They reached the point of the two cottages.
From the outside, both looked as lifeless as last time, like carcasses rotting beneath that greyest of skies. Ben and Chloe took one each for a quick inspection. They couldn’t afford to squander any time so late in the day.
Ben’s cottage had its half-door open. He took care not to lean his face in too close. The glow of the hearth inhabited the dark without disturbing it. Flames had long fallen, and embers were few. He rapped on the door and caught that familiar scent of cabbage, overboiled and sulphuric, probably the same batch from Wednesday now reduced to a stale broth.
Chloe was across from him – a hood of fur hiding her head – knocking on the other cottage. Its shutter and door were both locked, their wood streaked with a green mould.
Nobody was home.
‘Let’s keep going,’ she said. ‘We’re nearly there.’
Ben’s jeans had tightened and shrunk, shortening his stride. That discomforting, wet sensation had given way to a prosthetic numbness.

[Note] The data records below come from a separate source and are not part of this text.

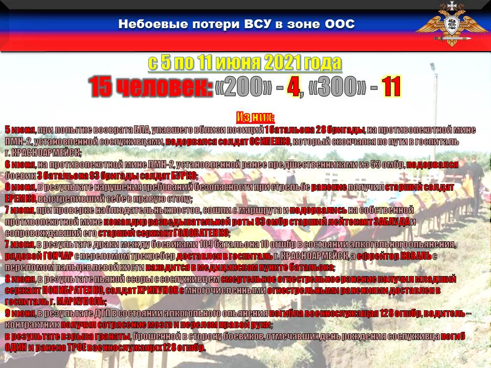 Так, по имеющимся у нас данным, в период с 5 по 11 июня в соединениях и частях ОТГ «Восток» небоевые потери составили ПЯТНАДЦАТЬ человек, из них ОДИННАДЦАТЬ получили ранения и травмы, ЧЕТВЕРО погибли: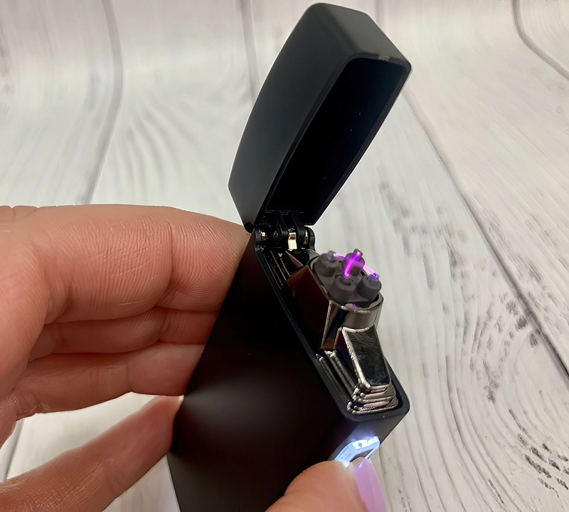 На боковой грани зажигалки светятся индикаторы, отображающие оставшийся уровень заряда.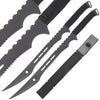 Set of two! Sleek, dangerous, tactical, Stealth! The blade features hi-tech cut outs, teeth-like serrations, and a sharp piercing point. It comes in sets of two. The nylon cord wrapped handle adds a sure grip for easy maneuverability. It includes nylon blade sheath. This set is both stealthy and effective. The shape of the blade is designed for making precise cuts and the full tang is 100%.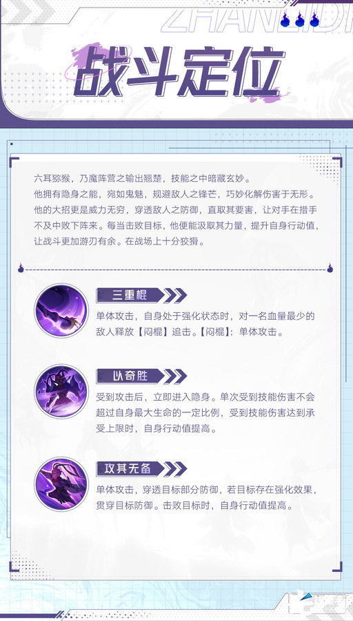 《西游:笔绘西行》出场角色|六耳猕猴伊辛贝露发布于 2024-04-24>>出场角色|“可分得清本王的真身!” >>出场角色|六耳猕猴 桀骜不驯的妖猴王,因孙悟空而生,却走上了与之截然不同的道路。 昔日少年,曾在方寸山菩提老祖膝下聆听教义,天赋异禀,才情出众。然不知缘何,与菩提老祖心生嫌隙,终至决裂。 离开方寸山后,复仇之心雄雄燃起,誓要挑战孙悟空。至此踏上了一条惊心动魄的复仇之路。 >>国创战斗动画 >>战斗定位

He was aware of each step – he could hear his socks plunging in his boots – but there was no feeling below the waist. The burning and the throbbing were reserved for his fingers, his ears, his nose, and anything else exposed.

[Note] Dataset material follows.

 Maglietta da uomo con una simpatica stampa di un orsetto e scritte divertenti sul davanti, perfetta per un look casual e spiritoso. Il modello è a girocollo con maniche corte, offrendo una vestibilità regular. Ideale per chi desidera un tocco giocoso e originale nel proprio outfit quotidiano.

He had saved Chloe another plunge by carrying her over the flood. Ben was aware of how the cold affected her, how it turned her skin a limpid blue. She had looped her arms around his neck like Aoife used to. Somehow they seemed to weigh the same.
‘What if they don’t talk to us?’ he asked. ‘I mean, they weren’t especially chatty the last time we were here.’
‘Once they know that we know, they’ll talk,’ she replied.
‘How are we for time?’
‘Don’t think about that,’ Chloe said, looking ahead. ‘We’ll be fine.’
We’ll be fine? Ben imagined Alec Sparling ensconced in front of his fireplace, tumbler in hand, sheltered and warm as his housekeeper prepared him his next hot meal. He was fine. Their situation was deviating towards the dire.
They were nearing the turn into the village, where the path widened. Whatever awaited them was hidden behind a mass of brambles; seized and conquered by black, bloodless veins of ivy. Ben had expected to hear voices up ahead but there was nothing, only the squelch of their boots and the cheerless creak of trees in the wind.
What a stage for Ben’s final act – Tír fucking Mallacht, the closest thing to hell this side of life. But if anyone knew some way to ward off the creeper’s coming, it was the villagers; the same superstitious fools that Ben had pitied for all the wrong reasons.
They both stopped when they reached the corner.
There was no dishevelled horde waiting to meet them. The village looked deserted.
A few unlocked hatches knocked in the breeze as though trying to warn them away in broken Morse code. Tools rested against walls, slathered in mud. Weak streams of smoke snaked through some of the chimneys. Jugs had been filled. Footprints in the clay were flush with rainwater, deepest outside each cottage and on the worn trail adjoining them. All that was missing were the people.
It reminded Ben of the paintings that adorned the walls of Sparling’s study. Life and the colours of its making were absent. It didn’t make sense. Had the villagers finally surrendered to the curse? Ben imagined them with their hands held in solidarity, staring at the moon like a stranger in the sky.
‘Hello?’ Chloe shouted, standing in the centre of the common. ‘Tír Mallachts?’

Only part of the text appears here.